Morris Young smiles. When happy, his pocked, orange-brown face seems gently rounded, casting warm beams of sunlight on anybody nearby. When angry, the same face is all hard planes and square corners and final judgments. His hair is sparse and gray; his reddish eyes are no longer sharp, even aided by his thick glasses; his lips are insolently protrusive, although he is as humble as they come. Though large of girth, he wears nothing in public but vested suits of dark wool, white shirts, and dark ties, a throwback to an earlier generation of preachers. He is in his early seventies, but possessed of all the evangelizing energy of the era of “muscular” Christianity. He is the pastor of Temple Baptist Church, probably the most powerful institution of the darker nation’s battered outpost in the divided city of Elm Harbor, which makes him, by many accounts, the most influential black man in town.

He is also, with the possible exception of my colleague Rob Saltpeter, the finest man it is my privilege to know. Which is why, last summer, mired in depression over the state of my marriage, I chose him for my counselor.
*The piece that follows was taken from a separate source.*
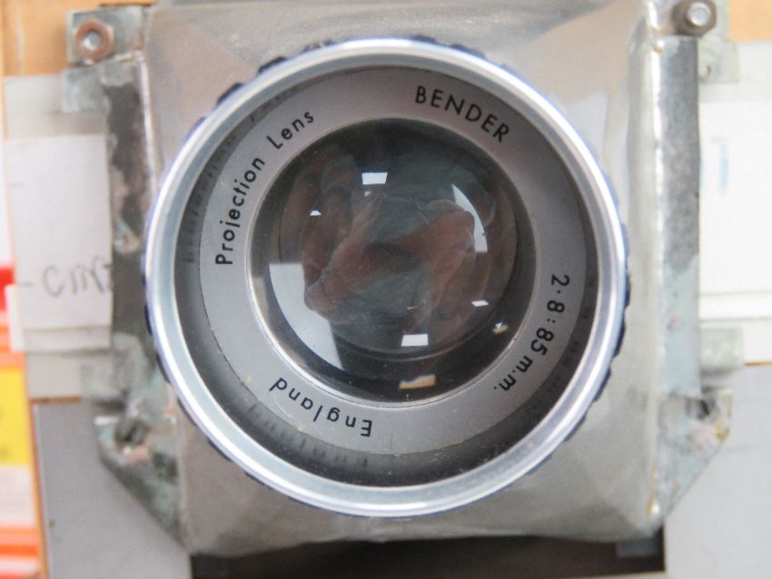 A vintage Bender 2.8:85mm cine projector within fitted stained wooden case. Together with a quantity of associated accessories.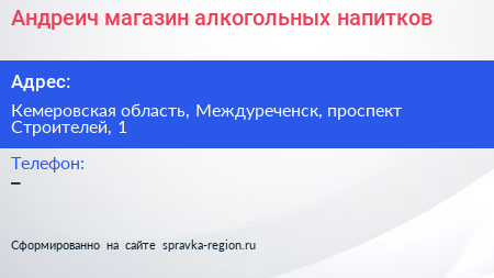 Андреич, магазин алкогольных напитков по адресу Кемеровская область, Междуреченск, проспект Строителей, 1 в дальнейшем Организация, размещена в следующих категориях:

And why I have decided I need to see him again.

Last weekend, I returned from Washington to face a buzz saw:
It’s not enough for you to lust after my sister, you have to spend the night with your fat slut of a cousin!
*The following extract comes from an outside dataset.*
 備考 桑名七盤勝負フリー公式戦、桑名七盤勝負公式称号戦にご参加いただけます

Evidently, somebody saw me going upstairs with Sally and told somebody else who told somebody else, the word reaching Elm Harbor in less than half a day. And, like every married man in America who has found himself in this situation, I raised my palms for peace and insisted,
Nothing happened, darling, I promise
—which in my case happens to be true. Kimmer was quite unappeased:
So what? Everybody thinks something did, Misha, and that’s almost as bad!
I was stung by the realization that Kimmer is less concerned about what I might have done than by what people believe I might have done; that my wife, who long ago liberated me from the stultifying prison of my parents’ expectations, has locked me away in the tight dungeon of her own.

I spared Kimmer the details of the dreary denouement of my night with Sally. So I omitted, cravenly, any mention of how I sat awake half the night in the uncomfortable wooden chair, fighting the impulse to stretch out on the other bed, lest Sally wake and misinterpret the situation. I did not tell my wife that I woke abruptly in the morning, still in the same position, feeling as though I had spent the night with my body twisted in some medieval torture device, my mouth clogged and muzzy, my head pounding, the vague lust of the night before a distant, barely plausible memory. My cousin was still asleep, breathing regularly now, and in the hard glare of daylight she was just dull, overweight Sally Stillman again. I had no trouble shaking her shoulder to wake her. She was no longer witty or cute or bold: her eyes red and puffy, she was panicky and disheveled and worried about being late for work, as well as being caught by Bud, who apparently remains more present in her life than she admitted. She could not get out of the room fast enough. Her coat, unfortunately, was in the cloakroom downstairs. To cover her wrinkled gown, I loaned her my tattered Burberry, which she promised to send back by Federal Express. She spent a few minutes in the bathroom, fixing her face, as she put it, and then was gone. It remains to be seen whether she took my reputation with her.